5.        L’article 101, paragraphe 1, TFUE doit être interprété en ce sens que, lorsque l’administrateur d’un système d’information, destiné à permettre à des agences de voyages de vendre des voyages sur leur site Internet, selon un mode de réservation uniforme, envoie à ces opérateurs économiques, par l’intermédiaire d’une messagerie électronique personnelle, un message les avertissant que les remises afférentes aux produits vendus par l’intermédiaire de ce système seront désormais plafonnées et que, à la suite de la diffusion de ce message, le système en cause subit les modifications techniques nécessaires pour mettre en œuvre cette mesure, lesdits opérateurs économiques peuvent, à partir du moment où ils avaient connaissance du message envoyé par l’administrateur du système, être présumés avoir participé à une pratique concertée au sens de ladite disposition, s’ils se sont abstenus de se distancier publiquement de cette pratique, ne l’ont pas dénoncée aux entités administratives ou n’ont pas apporté d’autres preuves pour réfuter cette présomption, telles que la preuve d’une application systématique d’une remise excédant le plafonnement en cause.
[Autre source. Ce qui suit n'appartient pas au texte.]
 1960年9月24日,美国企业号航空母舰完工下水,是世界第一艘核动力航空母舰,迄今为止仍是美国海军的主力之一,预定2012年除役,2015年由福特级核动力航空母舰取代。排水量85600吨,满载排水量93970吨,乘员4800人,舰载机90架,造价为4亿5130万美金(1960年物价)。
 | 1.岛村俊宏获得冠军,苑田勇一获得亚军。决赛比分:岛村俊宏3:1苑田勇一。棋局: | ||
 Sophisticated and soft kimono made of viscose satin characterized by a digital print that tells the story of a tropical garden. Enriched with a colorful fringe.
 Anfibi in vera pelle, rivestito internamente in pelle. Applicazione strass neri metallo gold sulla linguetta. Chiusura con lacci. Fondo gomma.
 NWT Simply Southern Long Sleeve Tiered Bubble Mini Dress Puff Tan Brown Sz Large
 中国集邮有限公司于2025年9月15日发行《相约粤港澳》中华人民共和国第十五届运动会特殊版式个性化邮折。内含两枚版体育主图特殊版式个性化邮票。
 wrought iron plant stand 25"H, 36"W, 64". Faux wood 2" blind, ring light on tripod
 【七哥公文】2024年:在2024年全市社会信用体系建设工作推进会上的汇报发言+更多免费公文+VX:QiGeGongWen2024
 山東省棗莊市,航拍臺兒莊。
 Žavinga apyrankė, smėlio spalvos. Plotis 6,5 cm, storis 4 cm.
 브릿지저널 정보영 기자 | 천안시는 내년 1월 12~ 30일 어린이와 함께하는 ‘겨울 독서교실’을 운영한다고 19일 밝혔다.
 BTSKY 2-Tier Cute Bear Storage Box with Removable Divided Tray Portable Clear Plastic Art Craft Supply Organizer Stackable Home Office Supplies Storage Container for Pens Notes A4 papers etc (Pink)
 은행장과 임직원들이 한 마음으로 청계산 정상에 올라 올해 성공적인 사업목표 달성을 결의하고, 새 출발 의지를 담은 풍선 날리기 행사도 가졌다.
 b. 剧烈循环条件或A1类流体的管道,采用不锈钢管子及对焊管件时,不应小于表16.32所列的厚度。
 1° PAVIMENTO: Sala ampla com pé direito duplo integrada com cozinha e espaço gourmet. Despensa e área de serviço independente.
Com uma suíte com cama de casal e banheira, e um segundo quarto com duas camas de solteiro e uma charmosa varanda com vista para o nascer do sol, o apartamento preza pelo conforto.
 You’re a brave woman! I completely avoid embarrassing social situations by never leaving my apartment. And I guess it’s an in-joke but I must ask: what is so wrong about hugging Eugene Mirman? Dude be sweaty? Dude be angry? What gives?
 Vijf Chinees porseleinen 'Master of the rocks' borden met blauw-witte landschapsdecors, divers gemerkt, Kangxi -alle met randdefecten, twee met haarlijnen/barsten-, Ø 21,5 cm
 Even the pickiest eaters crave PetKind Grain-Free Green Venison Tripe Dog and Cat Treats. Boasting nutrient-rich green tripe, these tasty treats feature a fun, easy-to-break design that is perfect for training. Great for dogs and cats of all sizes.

Il appartient à la juridiction nationale d’examiner, sur la base des règles nationales régissant l’appréciation des preuves et le niveau de preuve requis, si, au regard de l’ensemble des circonstances qui lui sont soumises, l’envoi d’un tel message peut constituer une preuve suffisante afin d’établir que ses destinataires avaient connaissance de son contenu. La présomption d’innocence s’oppose à ce que la juridiction nationale considère que le seul envoi de ce message puisse constituer une preuve suffisante afin d’établir que ses destinataires devaient nécessairement avoir connaissance de son contenu.